Impington Village & International College – Written evidence (EDU0014)
The ages between 11 and 16 years old are often described as the ‘middle years’ in education. Prior to that, the primary years have acknowledged importance and post 16 education has a whole landscape if its own in England. These ‘middle years’ often get lost though, dominated by GCSEs which, in most schools, actually only account for the last two years, “yet, it is during this transitional stage, from childhood to adulthood, that young people develop a unique set of physical, physiological, intellectual and social needs and characteristics, which shape them as adults.”[1]
Before the committee considers proposals for reform of the ‘middle years’ curriculum in England it is important to consider the psychological and physiological changes young people experience between the ages of 11 and 16 and ask if their school curriculum, which dominates almost every day of their lives, is helping to shape the sorts of adults we need them to be to thrive and progress in the mid twenty first century, with its ‘digital and green economy’. As anyone with experience of teenagers knows, this needs to be done via explicit teaching of competencies such as self-management, communication and thinking.
According to Nick Gibb, there is a tension between whether we teach a ‘knowledge rich’ curriculum or whether we teach a skills based one.
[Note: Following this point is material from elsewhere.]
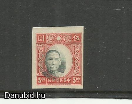 Kínai 1939 Köztársaság $5,00 Chung Hwa Die imperforált - tévnyomat

He apparently believes that “notion of ‘generic skills’ is one of the most damaging myths in education today…It is fanciful to believe that a thinking skill in one domain can be readily and reliably transferred to other domains. It is ignorant of the evidence of how people learn.”[2] In contrast, educationalist and inventor Charles Faddell believes that rather than being ‘fanciful’ to consider transdisciplinary skills, our “…present education systems are not geared to teaching modernized knowledge and its interdisciplinarity”[3] he goes on to give AI as an example of where not just multidisciplinary but transdisciplinary thought is required. On teaching children skills, or competencies that transcend the boundaries of traditional subjects he states:
“competencies–skills and character and meta-learning… These are the things that enable you to have a deep education and to be successful. It is not all about knowledge, it is about how you use the knowledge (your skills), and about how you behave and engage in the world–your character. And it is about your ability to reflect and adapt, which is at a premium in a rapidly changing world– your meta-learning.”[4]
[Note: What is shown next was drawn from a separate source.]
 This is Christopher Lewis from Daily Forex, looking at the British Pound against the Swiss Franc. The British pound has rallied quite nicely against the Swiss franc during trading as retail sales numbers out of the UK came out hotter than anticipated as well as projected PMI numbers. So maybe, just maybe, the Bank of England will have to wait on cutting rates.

Reflecting on this we should consider that the development of so called ‘soft skills’ such as self-management, teamwork and communications actively foster the conditions for learning in the human brain; that research and thinking skills have to be explicitly taught before any actual research or thinking can occur. Any curriculum that does justice to the ‘middle years’ needs to have a pedagogy that embraces the explicit teaching of skills that facilitate learning as well as ‘knowledge rich’ content – one without the other just does not work.
Balance is a key concept in any curriculum design for the ‘middle years’. A ‘board and balanced’ curriculum is of course already a requirement at Key Stage 3. But it is funny how often it is the ‘broad’ or the range of subjects that is cited as most important, with relatively little focus on the ‘balance’ when it is really the ‘balance’ in that phrase that is the key.
Teaching DT/art/drama etc once per term via a ‘dop down’ day does not deliver balance. Hammering maths and English for 10 hours per fortnight while arts subjects and computer science only get two, does not deliver balance. It is the Key Stage 4 focus on EBacc subjects that mean the balance at Key Stage three is out of the question for most schools.
The House of Lords Youth Unemployment Committee reported in 2021 “overwhelming evidence” that the EBacc and accompanying Progress 8 performance measure have “contributed to a significant decline” in the teaching of creative and technical subjects. It is at Key stage three that the decline in curriculum hours is felt and that which contributes to the tiny percentages of students who opt for these subjects at GCSE (1.4% of all GCSE students opted for Computer Science in 2020).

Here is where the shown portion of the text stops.